A process was using up the disk capacity of the server and seems to have frozen or looped, thus never releasing its hold on the disk. This caused the disk to forever run and eventually reach 100% disk usage. Being at 100% caused the server to be unable to perform any other basic task essentially making it unable to function. Upon identifying the process at fault, it was swiftly removed and the server returned to normal function now that its disk was free. Processes can freeze or loop for a number of reasons, maybe a request that our server was returning executed a certain process in order to fulfill that request and it malfunctioned. Due to lack of proper scaling and traffic distribution our server hiccuped and became slightly unstable and allowed for a small issue to form. Although mostly harmless, our server may be presenting flaws duo to overload or lack of resources to function at maximum efficiency.

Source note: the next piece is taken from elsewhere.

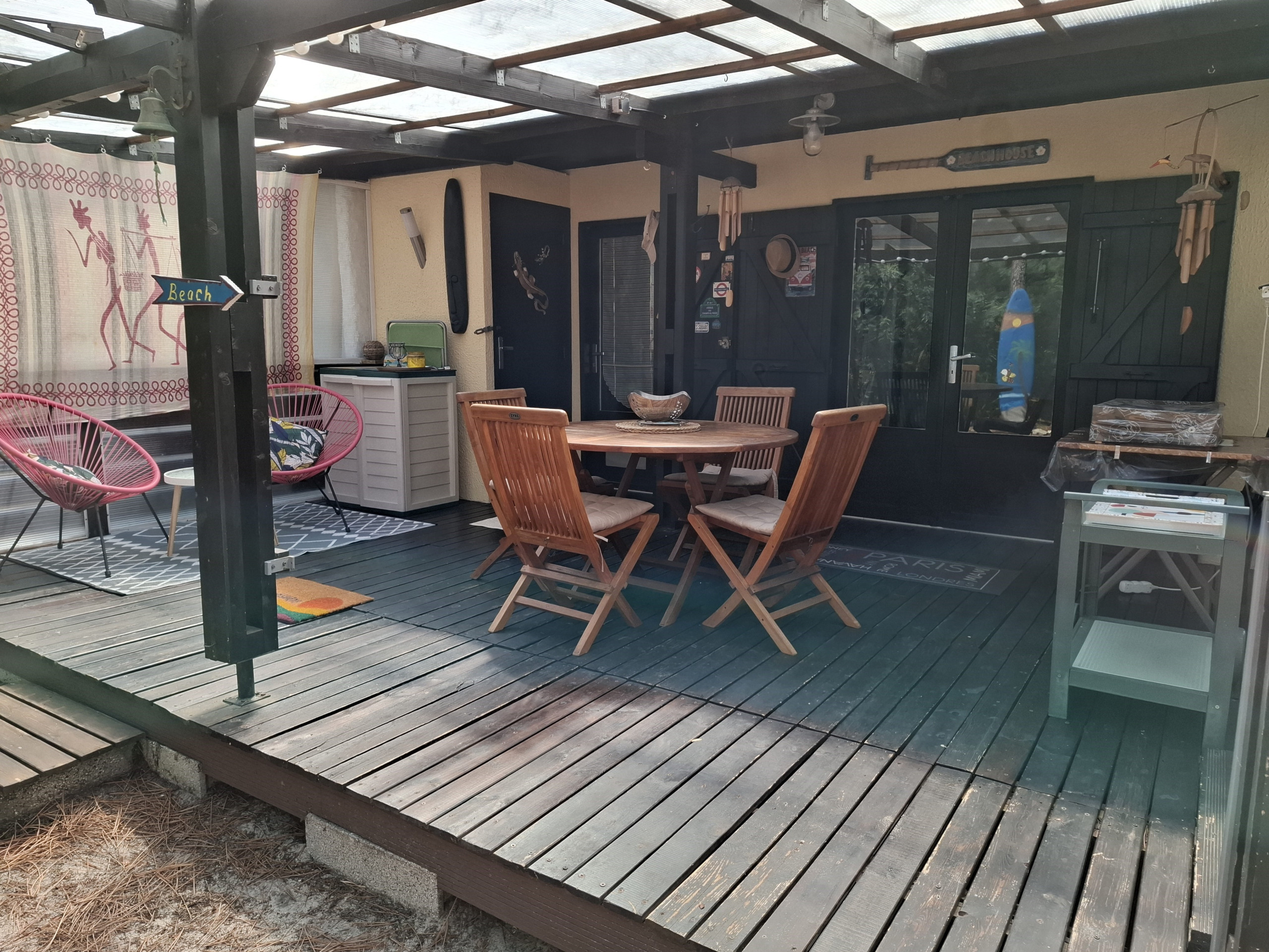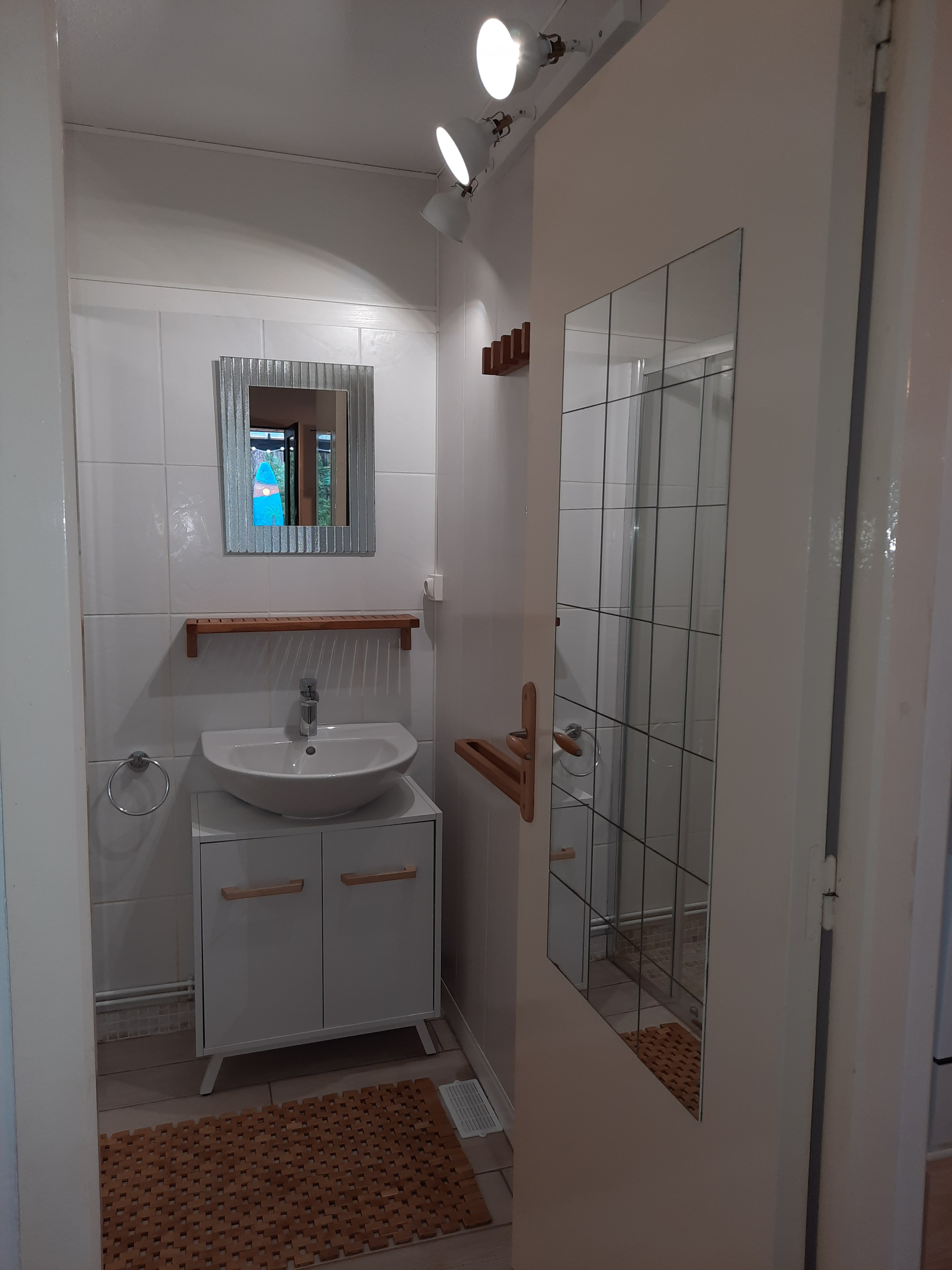 Draußen, wurde eine große Auffrischung des Grundstücks vorgenommen, wodurch es an Platz und Helligkeit gewonnen hat, und es wurde eine Kalt / Warm Außendusche installiert.
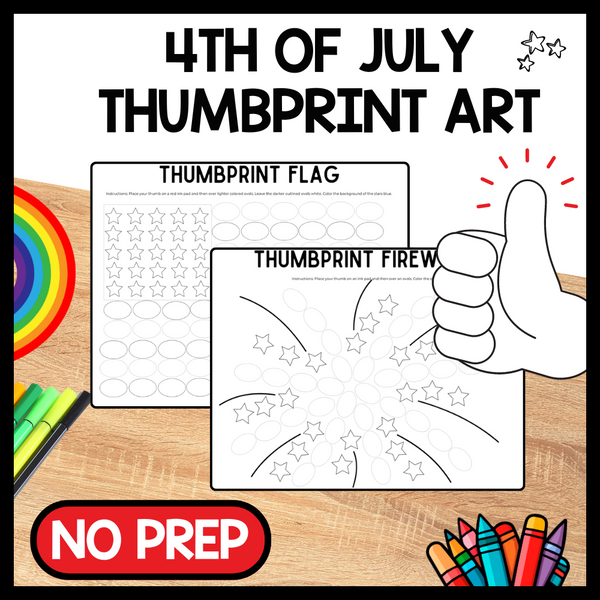 Materials Needed: Ink pad or paint (red & blue recommended), thumbprint flag/firework pages. You can also use bingo dotters to paint the students’ thumbs (works just as good). I also keep wet wipes near by! I recommend washable ink!

To prevent from repeating we are adding monitoring to our small server network in order to prevent a similar situation from occurring or be notified immediately if something is to occur. We have also considered increasing servers and load balancing strategies in order to better manage traffic. We may also have to consider hiring and overnight staff to oversee that our servers are functioning properly 24/7. Our servers can also be upgraded to better machines that have more capacity than we have now in order to keep up with our new demand.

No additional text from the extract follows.